Como en Capitán Fantástico de Matt Ross o en La costa de los mosquitos de Peter Weir. Conforme avanza
el drama, y en la relación del padre y la hija, uno adivina algo profundamente original. Porque Will está
loco, sí, pero Tom lo quiere tanto que quiere salvarlo. Así, sus arcos dramáticos se enfrentan y oponen.

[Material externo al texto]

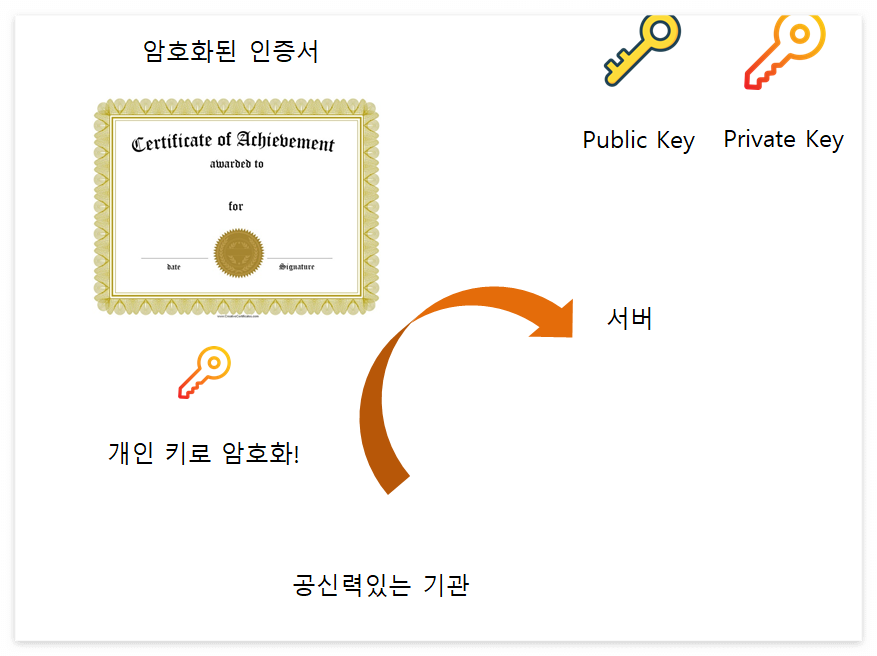 여기서 바로 , 공신력이 있는 기관은 인증 기관(Certificate Authority)를 의미하며,
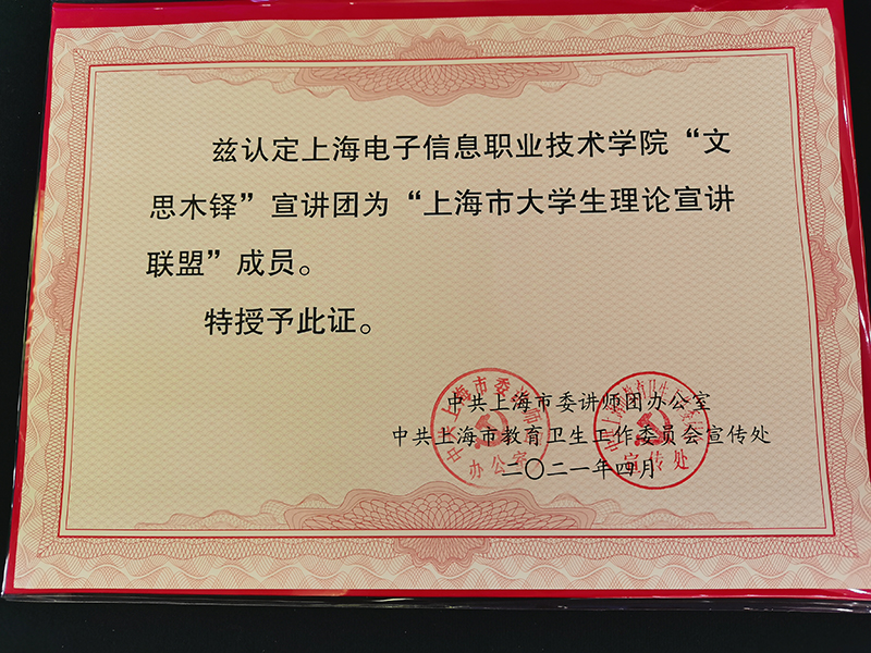 4/SPAN>/FONT>/SPAN>月/SPAN>23/SPAN>/FONT>/SPAN>日下午,上海市大学生理论宣讲联盟成立仪式在上海科技管理干部学院隆重举行。上海市委宣传部副部长徐炯、上海市教卫工作党委副书记、市教委副主任闵辉共同为联盟成立揭牌。来自全市/SPAN>47/SPAN>/FONT>/SPAN>所高校、/SPAN>65/SPAN>/FONT>/SPAN>支理论宣讲队伍的近/SPAN>150/SPAN>/FONT>/SPAN>名师生参加仪式。/SPAN>/P> /P> 仪式上,我校“文思木铎”宣讲团入选“上海市大学生理论宣讲联盟”,并代表上海高职高专院校,与复旦大学《共产党宣言》展示馆“星火”党员志愿服务队、上海交通大学“交医青年说”党史宣讲团一道作交流发言。/SPAN>宣讲团骨干成员杨慧静发言的题目是《学习宣传党史,绽放最美青春》。她主要从“我为什么要成为理论宣讲志愿者?”“我们是这样做的?”两个角度切入,基于我校在党史学习教育中的典型做法、“文思木铎”社在理论学习和宣讲活动中的特色,以及宣讲者在活动参与过程中的历练成长等三个方面展开。发言声情并茂,言之有物,得到了与会领导和同道的高度认可。/SPAN>/P> “文思木铎”宣讲团是学校在中国共产党建党/SPAN>100/SPAN>/FONT>/SPAN>周年之际,结合党史学习教育的相关要求,在原有大学生“文思木铎”社团的基础上建立起来的。宣讲团聘请优秀思政课教师、宣传部、马克思主义学院负责人组成专业指导团队,同时选拔入党积极分子、优秀学生担任宣讲团成员,进行常态化理论学习培训。鼓励学生将个人奋斗融入国家发展的历史进程当中,讲好中国故事、传递中国声音。以入选“上海市大学生理论宣讲联盟”为契机,宣讲团将于/SPAN>4/SPAN>/FONT>/SPAN>月/SPAN>26/SPAN>/FONT>/SPAN>日,赴上海城建职业学院开展首场大学生党史校际宣讲活动。/SPAN>5/SPAN>/FONT>/SPAN>月/SPAN>8/SPAN>/FONT>/SPAN>日,将赴杨浦滨江,现场为我校来自全国各地的学生代表进行党史宣讲,让同学们通过鲜活的案例感受社会主义建设的伟大成就,感受“人民城市”理论的魅力。“入盟/FONT>”入盟喜讯传来,宣讲团成员个个精神振奋,纷纷表示将做好“习近平新时代中国特色社会主义思想”的木铎子,把红色基因,红色精神代代相传,把新思想,新理念播撒开来,将青春之花绽放在中华民族复兴的伟大征程中。 /P> 据了解,“文思木铎”社成立于/SPAN>2018/SPAN>/FONT>/SPAN>年/SPAN>3/SPAN>/FONT>/SPAN>月。文是指中华优秀传统文化,思是指马克思主义,木铎则比喻宣传教化的人。该学生理论社团以学习宣传习近平新时代中国特色社会主义思想为己任。三年来,共开展校内外活动/SPAN>62/SPAN>/FONT>/SPAN>场,受众学生/SPAN>2000/SPAN>/FONT>/SPAN>余人。/SPAN>2019/SPAN>/FONT>/SPAN>年/SPAN>9/SPAN>/FONT>/SPAN>月,马畅、王潇两支学生团队在“上海高校学生讲思政课公开课展示”活动中双双获奖。社团还先后组织学生参观中共一大会址、举办“四史”知识竞赛、组织骨干成员开展“四史”宣讲、举办“学习强国”挑战赛、组织“诵诗词,知党史”大赛等主题活动,师生同思同频、同向同行、同台讲思政,很多之前不大关注时政的同学,逐渐转变成主动了解国内外时政的热血青年。(图:谢国日、杨慧静 /SPAN>/FONT>/SPAN>/SPAN>文:谢国日、陈卫炉 /SPAN>/FONT>/SPAN>/SPAN>供稿:宣传部、马克思主义学院)/SPAN>/SPAN>/P> /P>
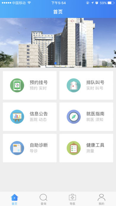 主页功能:预约挂号、信息公告、就医指南、自助诊断及健康工具;

Chocan el uno contra el otro. Él no va a ceder en su odio a la sociedad, es un Rousseau que sólo desea
volver al estado del buen salvaje. Ella, en cambio, ha llegado a ser una mujer. Comienza a interesarse en los
chicos que aparecen por el camino y comienza a imaginar un futuro más allá del bosque. Otro logro del
guion está en lo escueto de los diálogos. Con actores así resultan innecesarios los discursos políticos o
explicaciones sumarias. Sólo es necesario poner en un bosque a dos que se aman y que, sin embargo, tienen
caminos distintos para encontrar que, en efecto, estamos ante una pequeña obra maestra. Hecha de
hermosas imágenes, extraordinarias actuaciones y una dirección llena de detalles, Sin rastro nos obliga a
mirar. Para disfrutar, por ejemplo, el hecho de que a lo largo de toda la película haya referencias a los
Caballitos de mar. En efecto, el hipocampo simboliza el lugar en el que, para Will, todo está mal, el sitio de
la locura que lo está apartando de su hija para regresarlo siempre hasta un pasado que él no puede digerir.
Sin rastro es un magnífico ejemplo de cómo se debe lidiar con la locura, esto es, desde la razón. La razón
del arte del cine, de la actuación, del movimiento que pone orden ahí donde, de otro modo, habría caos.

Sin rastro. Debra Graniks. Estados Unidos, 2018.